Время сбилось, задохнулось вместе с опьяненными страстью любовниками. Низкие, протяжные, искренние стоны Шаха прошивали висок, когда он, прилаживаясь, разрывал тесное слияние с ведьмой, чтобы овладевать ею снова и снова. Минута — и саднящее чувство растворилось в блаженстве, которым отзывался каждый глубокий, властный толчок. Еще минута — и Верона почти ослепла, а в сознании не осталось ничего, кроме мыслей об испепелившем всю ее душу наслаждении.
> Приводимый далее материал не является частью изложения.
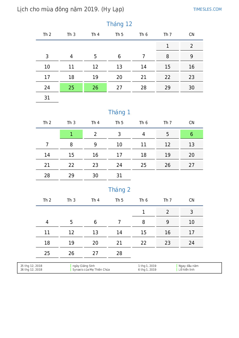 Tải xuống và in lịch PDF với các ngày lễ và cuối tuần cho mùa đông năm 2019 cho Hy Lạp

Шахрур не был нежным. Но и грубым — тоже не был. Его характер походил на стихию: раскаленную, кусачую, но в то же время изящно обнимающую свою добычу шелковыми языками перед тем, как сжечь дотла. Джинн трепыхался, словно разросшееся в тесной печке пламя, мучился от нечеловеческой, душераздирающей истомы, безжалостно терзал Верону, — эмоции хлестали так, что настоящий огонь на свечах трещал и плевался искрами. Ведьма почти достигла пика, как вдруг ее внутри словно прижгли расплавленным железом. Издав тихий вскрик, Шахрур натужно застыл, изредка содрогаясь в оргазменном экстазе. Верона почти издевательски ерзала под ним, насаживаясь плотнее и теснее обнимая джинна в себе.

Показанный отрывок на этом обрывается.